Some possible activities to discover needs and craft your Why.
- Hire research experts and give them free rein to do their thing. One of the most inspiring talks I’ve seen was Indi Young at An Event Apart in San Francisco. She is the OG researcher, and her book Mental Models: Aligning Design Strategy with Human Behavior is the foremost authority on this topic. I wish everyone would read this book as the methodology truly gets to the heart of defining the problem to solve.
- Encourage research best practices for self serve models within the organization. If research conducted within the organization is ineffective, there will continue to be no business reason for it.

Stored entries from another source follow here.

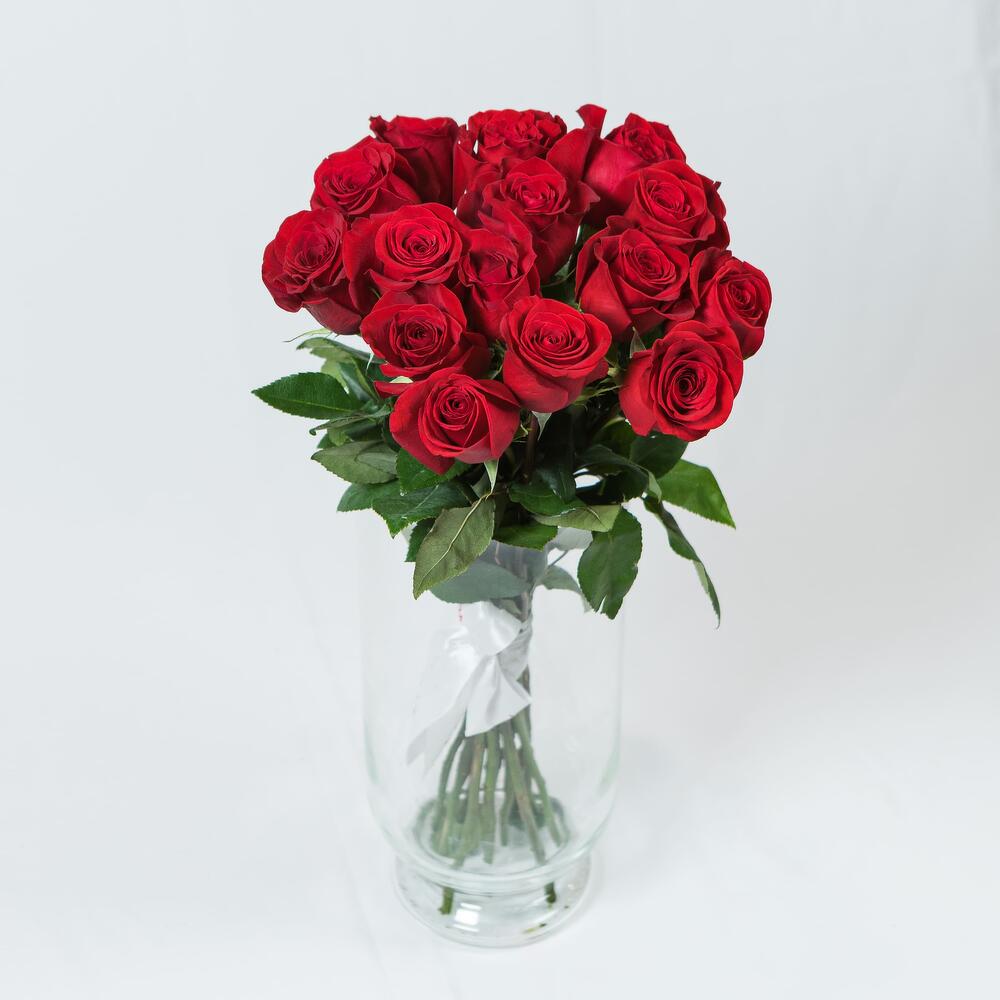 Роза Эквадор – 15 шт.Пленка прозрачная – 1 шт.Лента атласная – 1 шт.
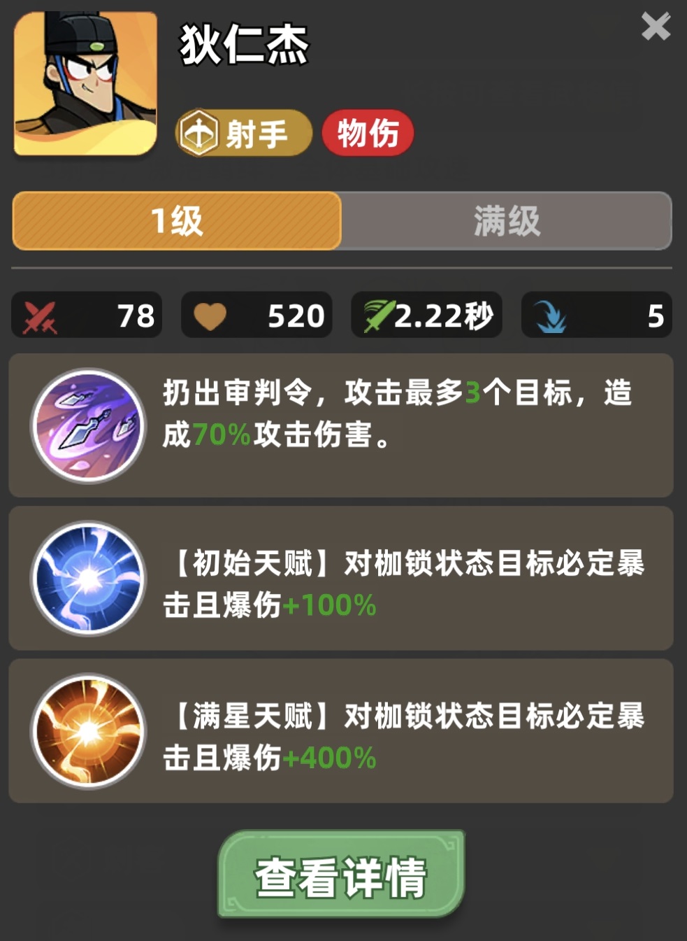 该阵容还具备双重增益联动:其一,集齐五名射手可激活专属羁绊,提供可观的基础攻速加成,进一步放大全体射手的出手频率;其二,展昭的普攻附带“枷锁”状态,而狄仁杰对处于枷锁状态的目标必定暴击,由此形成稳定的控制—爆发闭环。整套配置兼顾持续输出与瞬时爆发,在缺乏后羿的对局中可作为高效替代方案。
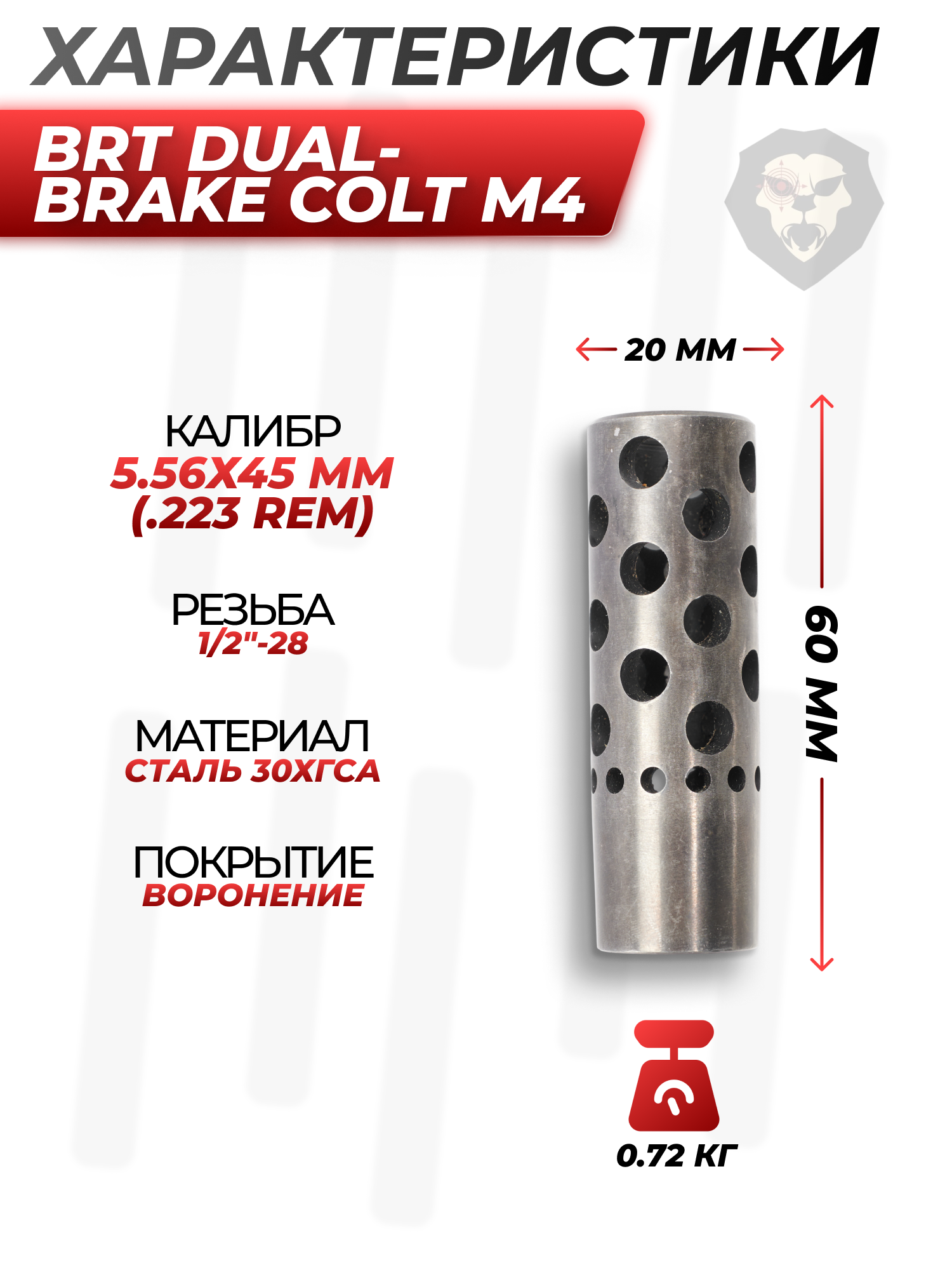 Информация о товаре "Открытый ДТК BRT Dual-brake для Colt M4 (5.56х45 мм, .223Rem, резьба 1/2-28, AR-15)" носит ознакомительный характер, и не является публичной офертой, определяемой положениями Статьи 437 Гражданского кодекса Российской Федерации, характеристики, внешний вид, цвет и комплектация могут быть изменены производителем без уведомления.
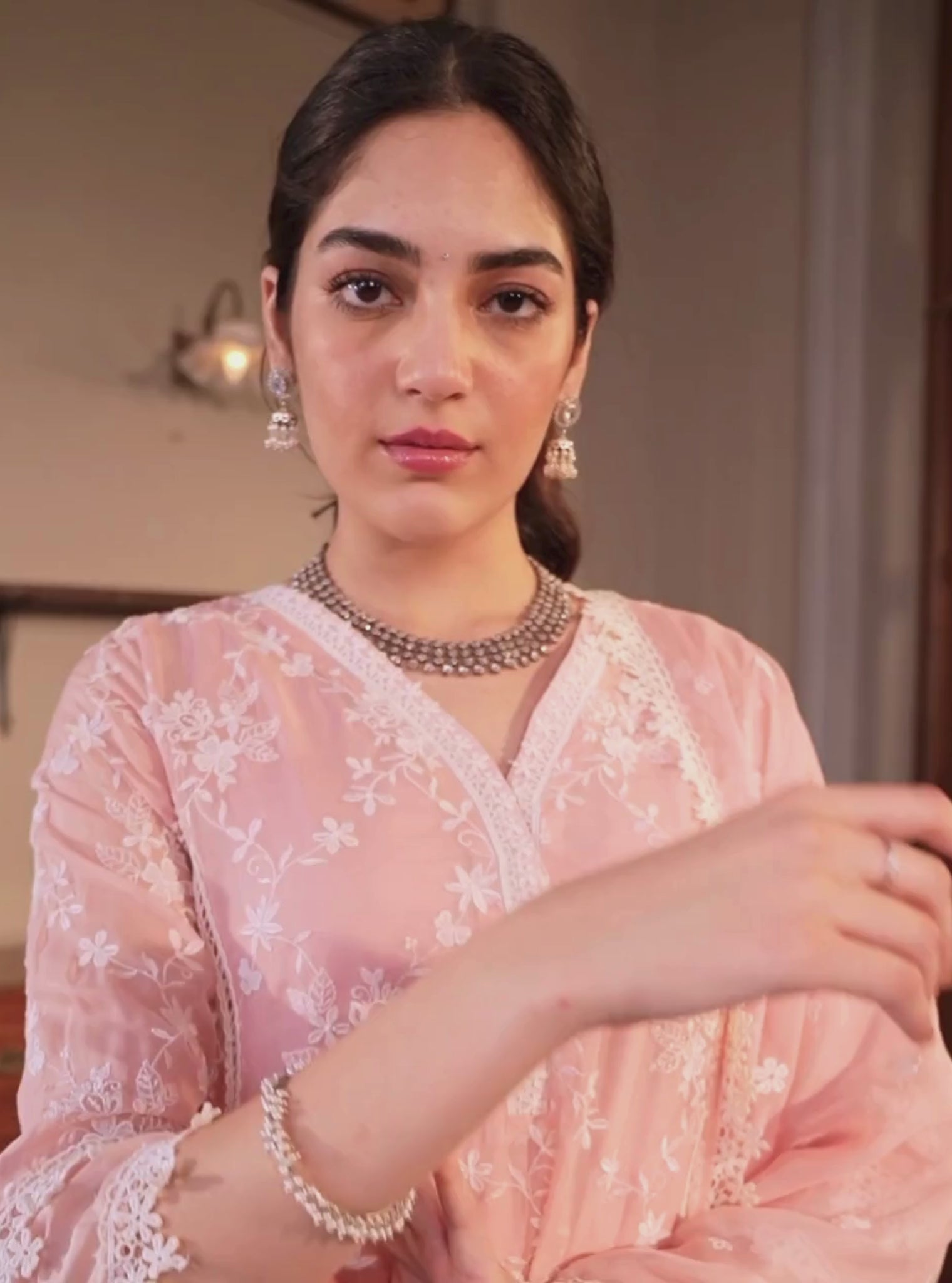 An enchanting A-line Kurta Set, designed to add an ethereal charm to your summer wardrobe. Crafted in a soothing pink shade, this set effortlessly transitions from daytime chic to evening elegance. The Kurta boasts a graceful A-line silhouette, accentuated with intricate lacework delicately tracing the neckline, sleeves, and hemline. Adorned with exquisite white thread embroidery throughout, it exudes timeless sophistication.
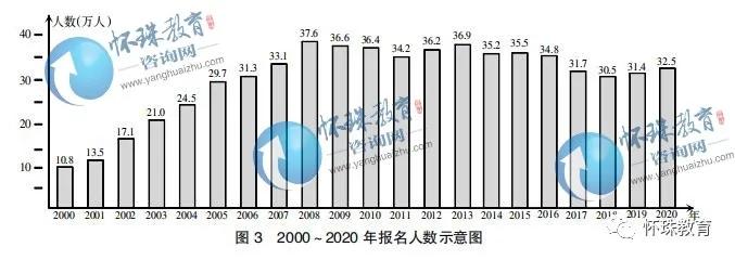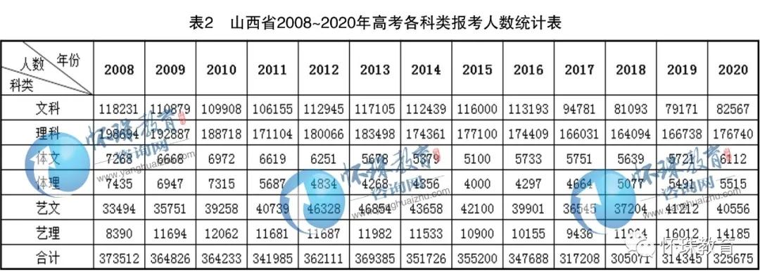 山西省地处内陆省份,人口约3700万,经济、文化相对落后于沿海经济、文化发达地区。2000年之前,每年高考报名人数一直在10万人以下徘徊,2000年首次突破10万人,其后2001~2005年每年以近4万人左右的速度快速递增,2005~2007年增速趋缓,但2008年比2007年又增长约4.5万人,从2009年开始报考人数又缓慢下降,报考人数的变化如图3所示。表2是山西省2008~2020年高考各科类报考人数统计表。
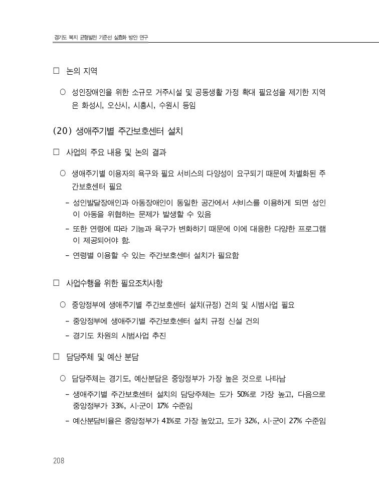 경기도 복지 균형발전 기준선 실효화 방안 연구 208 □ 논의 지역 ○ 성인장애인을 위한 소규모 거주시설 및 공동생활 가정 확대 필요성을 제기한 지역 은 화성시, 오산시, 시흥시, 수원시 등임 (20) 생애주기별 주간보호센터 설치 □ 사업의 주요 내용 및 논의 결과 ○ 생애주기별 이용자의 욕구와 필요 서비스의 다양성이 요구되기 때문에 차별화된 주 간보호센터 필요 - 성인발달장애인과 아동장애인이 동일한 공간에서 서비스를 이용하게 되면 성인 이 아동을 위협하는 문제가 발생할 수 있음 - 또한 연령에 따라 기능과 욕구가 변화하기 때문에 이에 대응한 다양한 프로그램 이 제공되어야 함. - 연령별 이용할 수 있는 주간보호센터 설치가 필요함 □ 사업수행을 위한 필요조치사항 ○ 중앙정부에 생애주기별 주간보호센터 설치(규정) 건의 및 시범사업 필요 - 중앙정부에 생애주기별 주간보호센터 설치 규정 신설 건의 - 경기도 차원의 시범사업 추진 □ 담당주체 및 예산 분담 ○ 담당주체는 경기도, 예산분담은 중앙정부가 가장 높은 것으로 나타남 - 생애주기별 주간보호센터 설치의 담당주체는 도가 50%로 가장 높고, 다음으로 중앙정부가 33%, 시·군이 17% 수준임 - 예산분담비율은 중앙정부가 41%로 가장 높았고, 도가 32%, 시·군이 27% 수준임
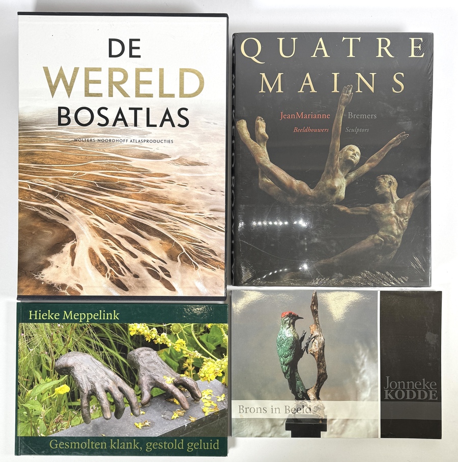 Boeken van diverse uitgevers en kunstenaars waaronder Wolters-Noordhoff en JeanMarianne Bremers in moderne stijl, vervaardigd uit papier en karton met offsetdruk. De kavel omvat De Wereld Bosatlas uit 2004 en monografieën over de bronzen sculpturen van Jonneke Kodde en Hieke Meppelink. De publicaties bevatten reproducties van plastieken en cartografische kaarten.
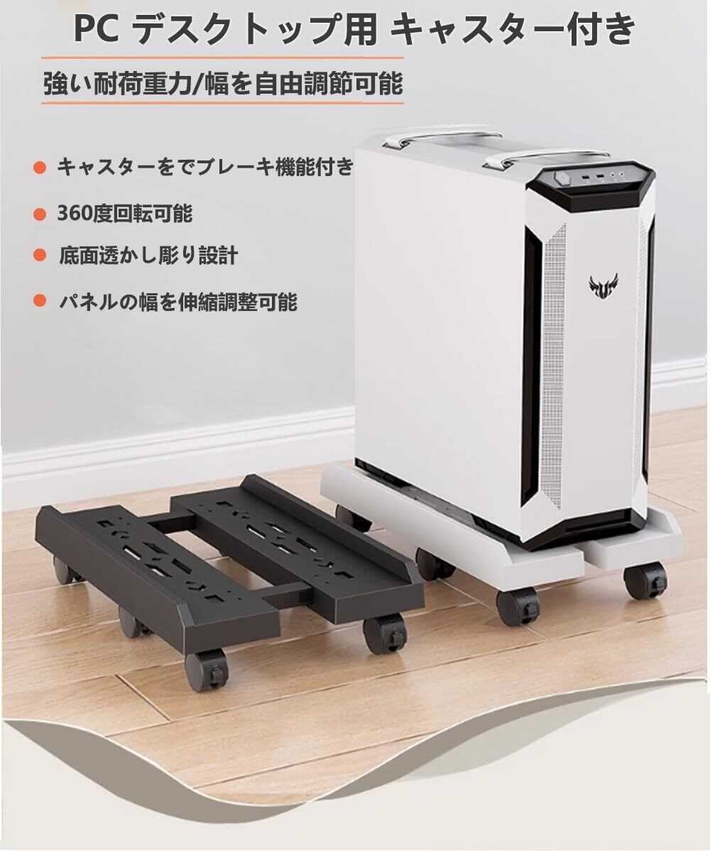 CPUスタンド キャスター付 パソコン CPUワゴン デスクトップ用 ほこり対策 カーペット 内寸幅20~ 28cm無段階調節 ゲーミングPC 耐荷重:40kg パソコンスタンド (ホワイト)
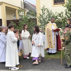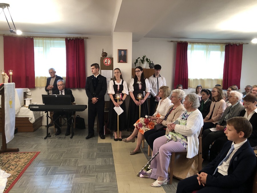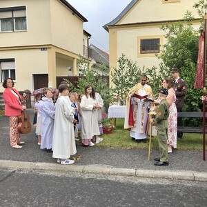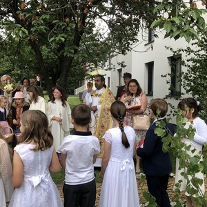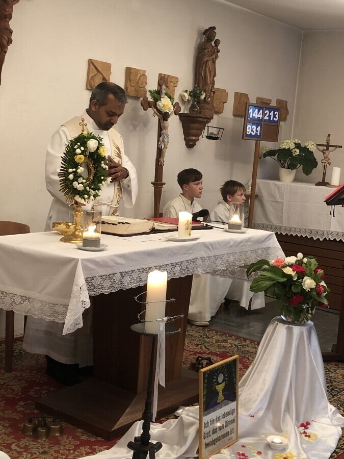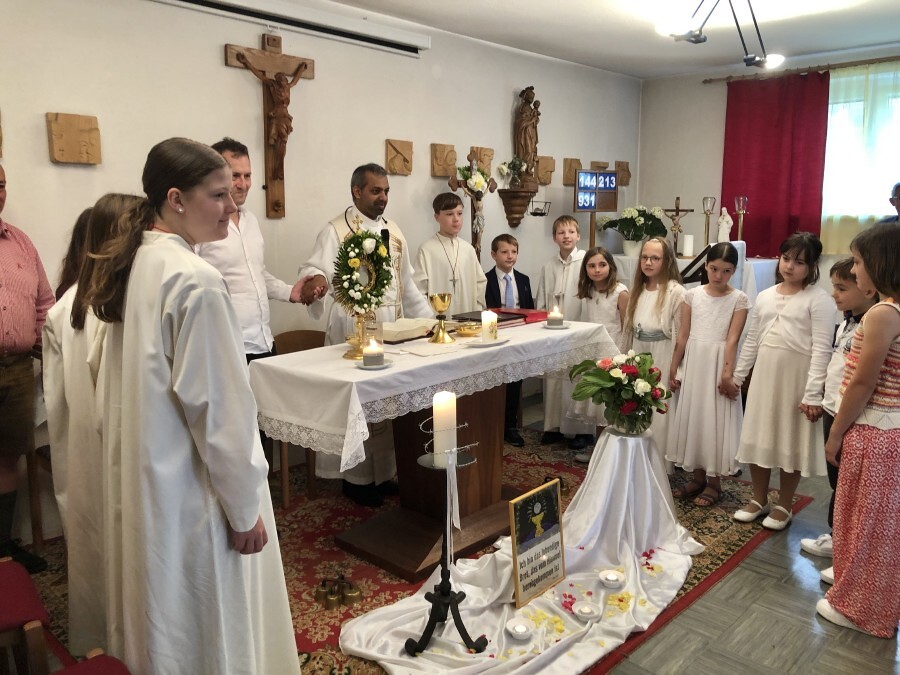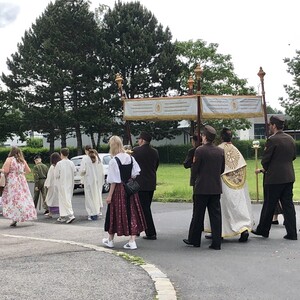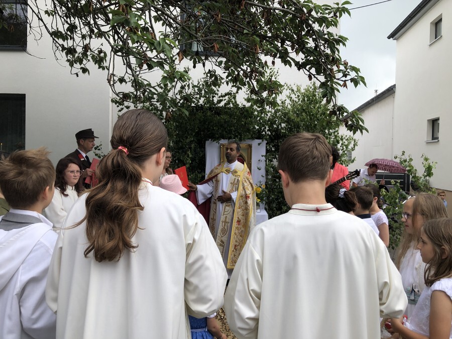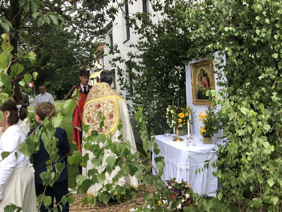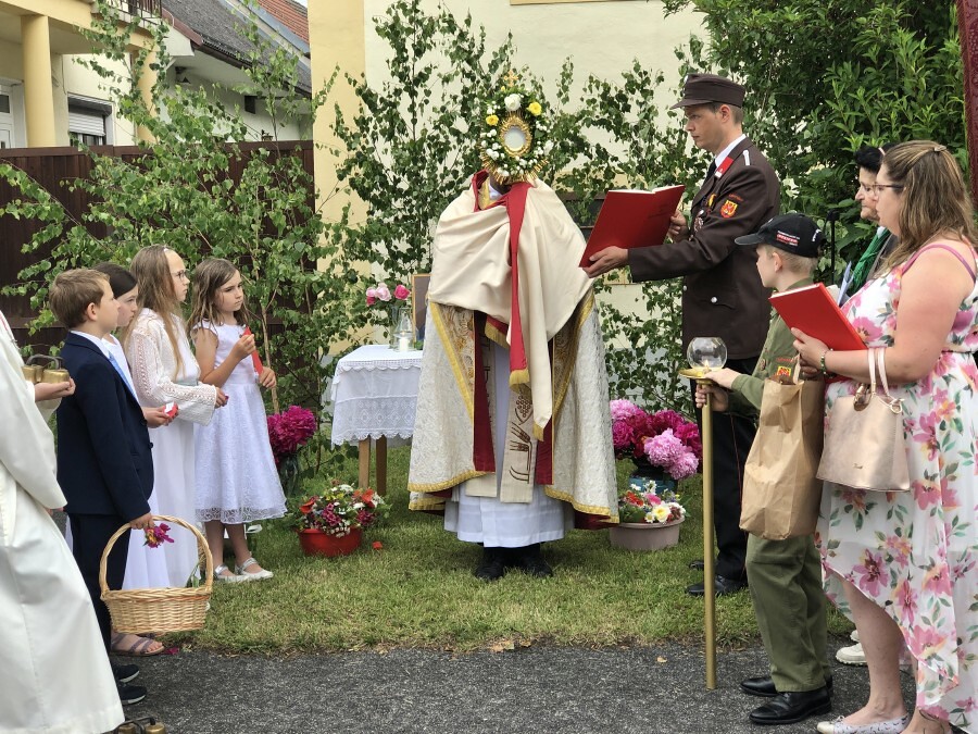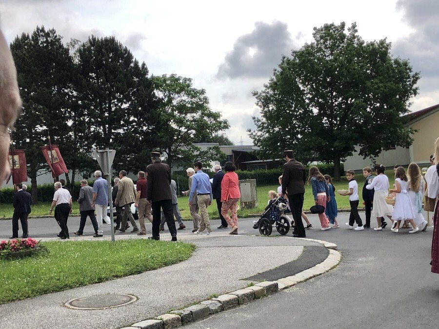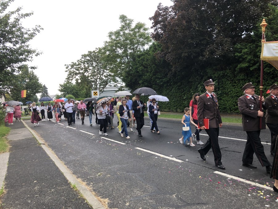 Wetterbedingt musste der Ablauf in Kobersdorf kurzfristig geändert werden. Begonnen wurde mit der Prozession zu 3 Altären, die sehr liebevoll gestaltet waren. Ein schönes Zeichen setzten unsere Erstkommunionkinder mit ihren Tischmüttern, die die erste Station mit Musik und Texten mitgestaltet haben. Die Hl. Messe fand im Anschluss im Pfarrsaal statt.

- Show what might happen if you don’t spend the time defining the problem. Conduct a pre-mortem for the kickoff of large projects and let everyone in the project team share their thoughts on how the project might fail. Harvard Business Review recommends taking time for this step in the process to mitigate risk of failure.
- Any of the activities contained in the IDEO design kit. My favorites include the Journey Map and the Five Whys.
Those are a few thoughts on how begin aligning user needs with the business strategy, but this work needs to happen alongside integrating more UX metrics and user-centered KPI’s into the organizations’ objectives.
Designing an open system
In the past 4 years, I’ve learned what it’s like to be a designer at an open source software company. I’ve learned to consider extensibility with every design decision, which means asking the question “How will our network of extension developers take advantage of the new experience?”
In recent years we designed WooCommerce Home with three extensibility points: The Inbox for informational messages, a Task list for the sole purpose of extension developers (including our WooCommerce-owned extensions) being able to surface important notices for merchants in the admin, as well as another area for store management links.
This is the new Javascript layer of the product so there were very few extensions already integrating with the new UI, but design decisions were made with them in mind.
When working on a redesign of any legacy area of WooCommerce admin, there’s a literal minefield of extensibility points to consider.
When you don’t even know what you don’t know
There are times when we know what we don’t know. Then there are times like this, when we’re creating designs for a platform that can be extended with little regulation, when we literally don’t know what we don’t know.
Here are some ideas for making this process easier, and making the case for a redesign more palatable.
- Run an audit of every extension that could possibly plug into this area, and create journey maps to illustrate how the UI is adapted for their specific purpose.
- Connect with extension devs to learn their needs and pain points, alongside the builders and merchants who we tend to place more focus on.
- Keep a running list of most popular extensions and always incorporate their needs into design decisions.
It takes hard work and a growth mindset to truly listen to these internal and external voices, to be more of a “steward” for the experience. I’m in the process of learning and find it helpful to organize my thoughts on this topic. I hope this can be a useful guide for others.